Brazil’s jobless rate dropped to 9.1% in the quarter through July, the lowest in nearly seven years.

Thursday’s GDP data led to a wave of upward revisions for growth this year. Bank of America now forecasts 3.25% expansion, up from 2.5% before. Goldman Sachs raised its 2022 growth forecast to 2.9% from 2.2% previously.

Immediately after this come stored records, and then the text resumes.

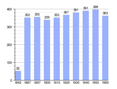 | Gráfica de evolución demográfica de Olmos de la Picaza[11] entre 1842 y 1960 |
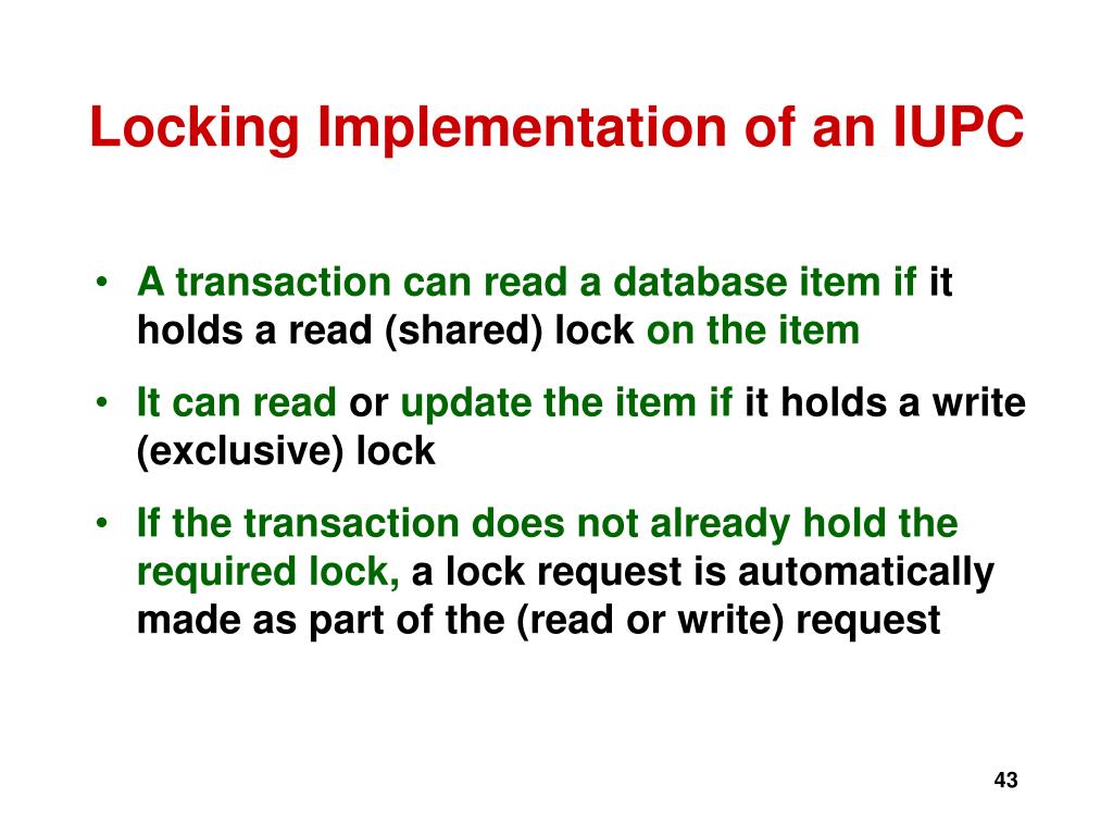 Locking Implementation of an IUPC • A transaction can read a database item if it holds a read (shared) lock on the item • It can read or update the item if it holds a write (exclusive) lock • If the transaction does not already hold the required lock, a lock request is automatically made as part of the (read or write) request
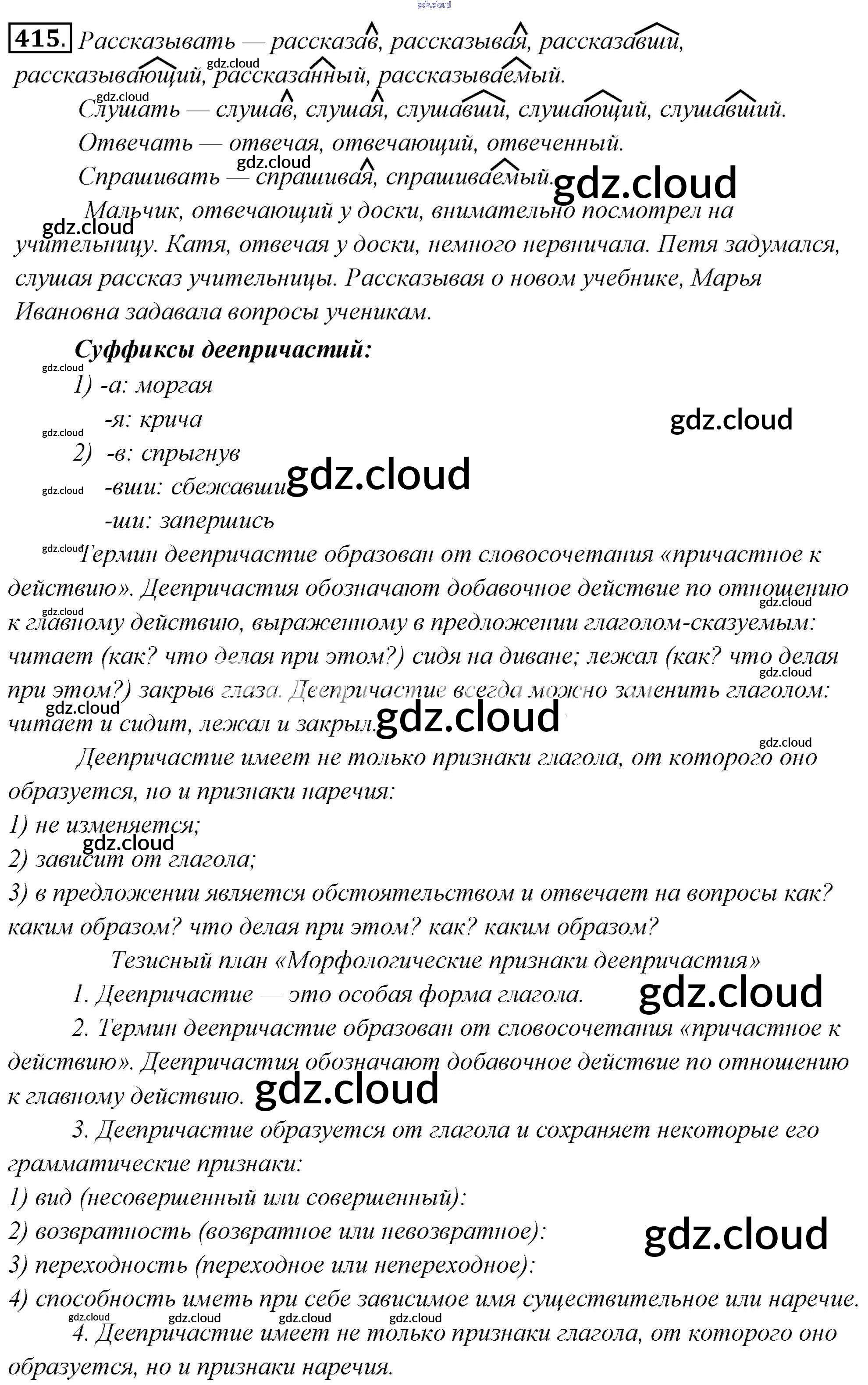 Ответ на задание 415 Учебник Русский язык за 6 (шестой) класс Львова, Львов 2013 Часть 1, 2 ФГОС онлайн и без номера телефона.
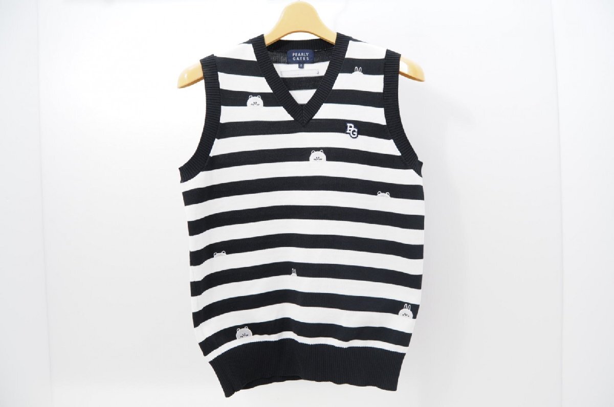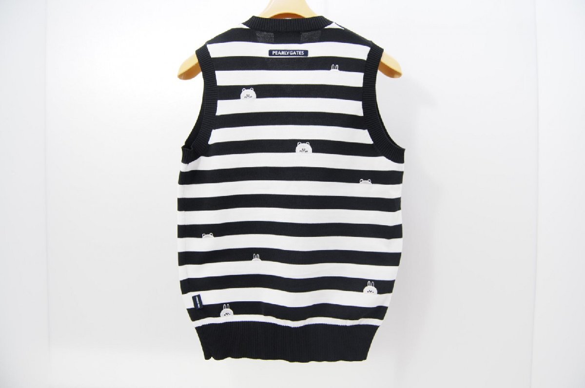 coco 中古【SALE】 パーリーゲイツ PEARLY GATES レディース ベスト 0(S) 黒×白 Vネック ボーダー LINEコラボ ネコパケ発送可 70881
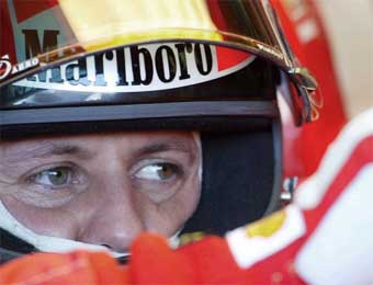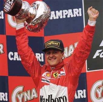 En 1995 repitió triunfo con Benetton y un año más tarde fichó por Ferrari con el objetivo de relanzar el palmarés de la mítica marca italiana. Estuvo durante cuatro años a punto de lograr el triunfo, pero por una serie de razones (entre ellas un accidente en 1999 en el que se fracturó las dos piernas) tuvo que resignarse a acumular victorias parciales hasta el año 2000, temporada en la que se proclamó campeón del mundo, algo que no lograba Ferrari desde 1979. En 2001 no sólo ganó nuevamente el campeonato, sino que obtuvo su victoria número 52 en Grandes Premios y batió el récord que hasta entonces ostentaba el piloto francés Alain Prost. De forma unánime, Schumi logró el reconocimiento internacional como mejor piloto de la historia, una auténtica leyenda situada a un peldaño del histórico Fangio, el piloto argentino que en la década de los cincuenta fue cinco veces campeón del mundo; una gesta sólo al alcance del "Barón Rojo" de la Fórmula 1. Camino de emular a Fangio, Schumacher comenzó el Campeonato del Mundo 2002 con una clara victoria en el G.P. de Australia, la número 54 de su cuenta particular y la tercera consecutiva en el circuito de Melbourne. Después sólo necesitó disputar diez pruebas más, en las que logró otras siete victorias (Brasil, San Marino, España, Austria, Canadá, Gran Bretaña, Francia), dos segundos puestos (Mónaco, Europa) y un tercero (Malaisia), para proclamarse pentacampeón mundial. Igualó así el récord de Fangio pero además logró el título a seis pruebas del final del campeonato y arrebató a Nigel Mansell la marca conquistada en 1992 cuando el británico fue campeón a falta de cinco carreras. El arranque del Mundial 2003 resultó más irregular de lo esperado para el piloto alemán que no logró subir al podio en los dos primeros G.P. del año y, en el tercero, abandonó el circuito; una circunstancia que no protagonizaba desde muchas carreras atrás. Todo cambió en San Marino, cuarta cita del campeonato, donde Schumi logró un triunfo especialmente emotivo pocas horas después de conocer el fallecimiento de su madre en Colonia. Con un golpe soberano de autoridad, también fue primero en Montmeló y en el G.P. de Austria y comenzó a fraguar la consecución de su sexta corona mundial. Volvió a subir a lo más alto del podio en Canadá y, pese a no demostrar la hegemonía de otras temporadas, el piloto de Ferrari se ocupó de puntuar en todos los G.P. para mantener la regularidad necesaria en todo aspirante al campeonato. Dos triunfos consecutivos en Italia y Estados Unidos colocaron a Schumi a un solo punto del título; una posición de privilegio para convertirse en el piloto más laureado de la historia. Todo debía dirimirse en el Gran Premio de Japón, última cita de la temporada, y en el circuito asiático el Barón Rojo cumplió su cometido: fue octavo y sumó a su casillero el punto que le otorgaba el sexto campeonato del mundo de su carrera; los cuatro últimos de manera consecutiva. El 29 de agosto de 2004 sumó un nuevo título mundial a su palmarés, el séptimo, a falta de cuatro pruebas, tras lograr el segundo puesto en el Campeonato de Bélgica, por detrás de Raikkonen. Con un inicio fulgurante, con victoria en las cinco primeras pruebas, Schumacher sumó un total de trece victorias (Australia, Malaisia, Bahrein, San Marino, Montmeló, Nürburgring, Canadá, EE.UU., Francia, Gran Bretaña, Alemania, Bélgica y Japón) y 148 puntos, 34 por encima del segundo clasificado, Barrichello. Destacan además sus nueve poles, marcas todas que acreditan un excelente año y que encumbran aún más al piloto de Hürt-Hermülheim como uno de los mejores pilotos de todos los tiempos. Polémico y disciplinado Si como piloto es un dechado de virtudes, a nivel humano su comportamiento está envuelto en la polémica. Siempre alegre y extravertido, parece más un latino que un germano, pero su engreimiento y su carácter altivo le ha perjudicado en sus relaciones con sus colegas de profesión e incluso con los periodistas alemanes. Le robó la novia, Corinna, a su amigo Heinz-Harald Frentzen, otro prometedor piloto de la nueva escuela alemana; no da un paso si no hay dinero por delante, y es extremadamente exigente con su imagen externa, hasta el punto que en una ocasión solicitó cuatro monos distintos y ninguno le satisfizo porque apreciaba alguna pequeña arruga.
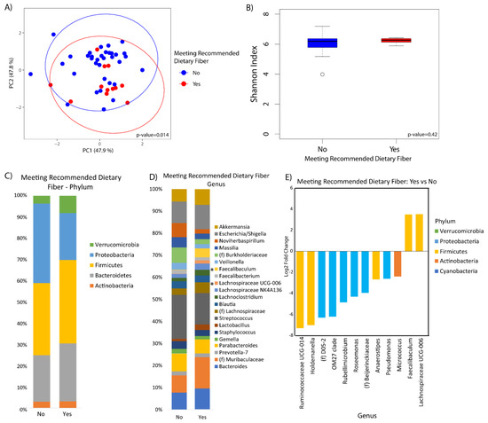 Duodenal microbiome of cirrhotic patients varies by dietary fiber. (A) Principal coordinate analysis plot of the microbiome colored by fiber intake based on USDA recommendation of 14 g/kcal encircled by 99% confidence interval ellipses. (B) Box plot of microbial diversity by Shannon index (a metric of richness and evenness) grouped by fiber intake. (C,D) Taxonomic summary plots showing the relative abundance of all (C) phyla and (D) genera (minimum of 1% relative abundance) by fiber intake. *Represents genera or phyla that are differentially abundant. (E) Log2 fold changes are shown for genera with differential abundance between those that met daily dietary fiber intake recommendations versus those that did not in DESeq2 models at q < 0.05.
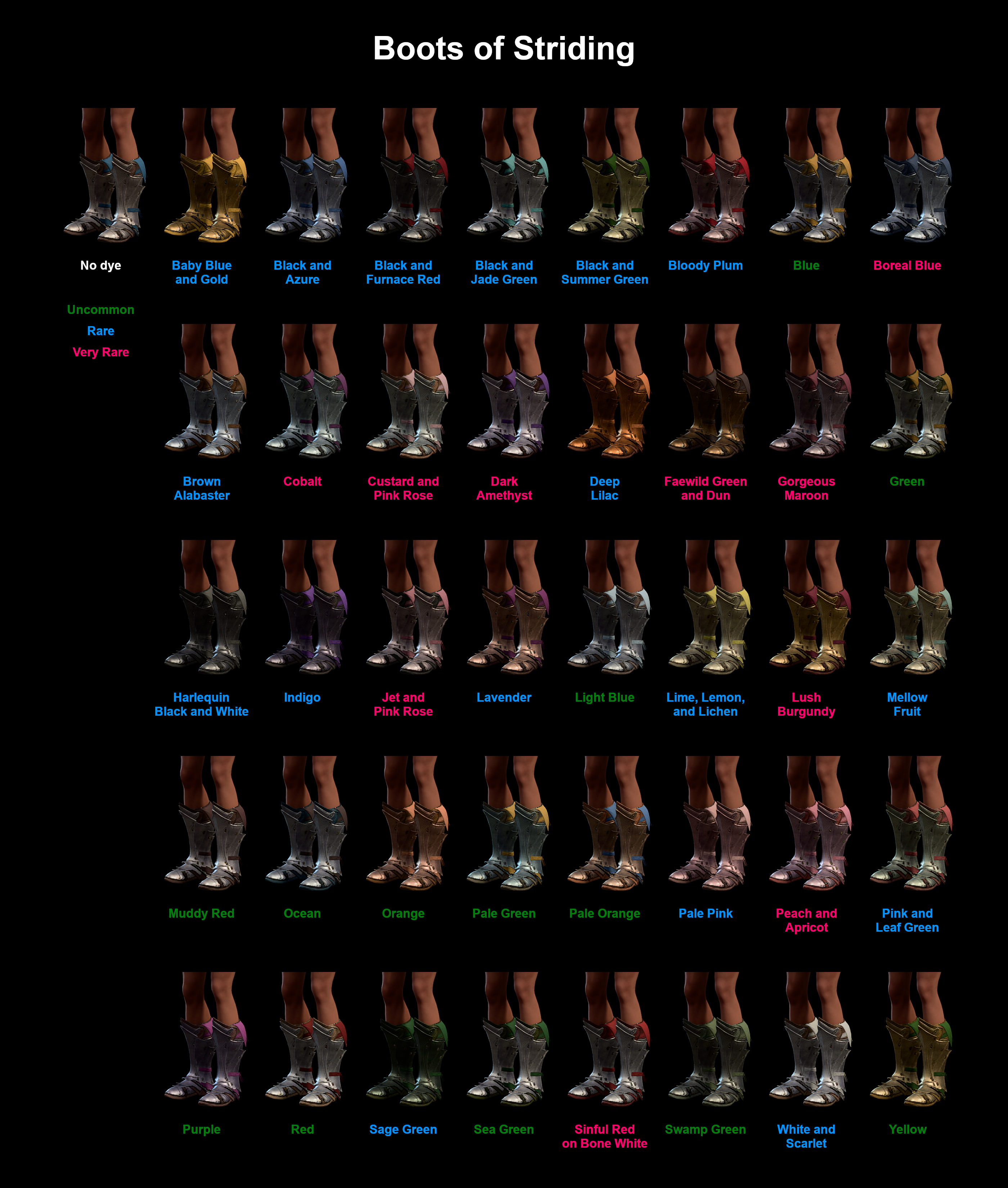 The Boots of Striding are an uncommon pair of Boots that grants the wearer a burst of speed whenever they begin concentrating on a spell.

William Jackson, chief emerging markets economist at Capital Economics, improved his outlook for this year to 2.5% growth from 2%, but stressed that “the economy is likely to soften over the second half of the year”.

Brazil’s central bank has pushed interest rates to 13.75% from a record low of 2% in March 2021 in an effort to battle high inflation. But the brunt of that tightening may not be felt until the October election has passed.

Rogerio Boueri, head of the Economic Studies Advisory at the Economy Ministry, played down the impact of higher rates on activity this year. He suggested the official 2% growth forecast for 2022 is “dated,” as carry-over effects alone now point to a 2.4% expansion.

Activity in the second quarter grew 3.2% from the same period of 2021, beating a 2.8% forecast in the Reuters poll.

IBGE also revised first-quarter growth to a 1.1% expansion from the end of 2020, from 1.0% growth reported previously.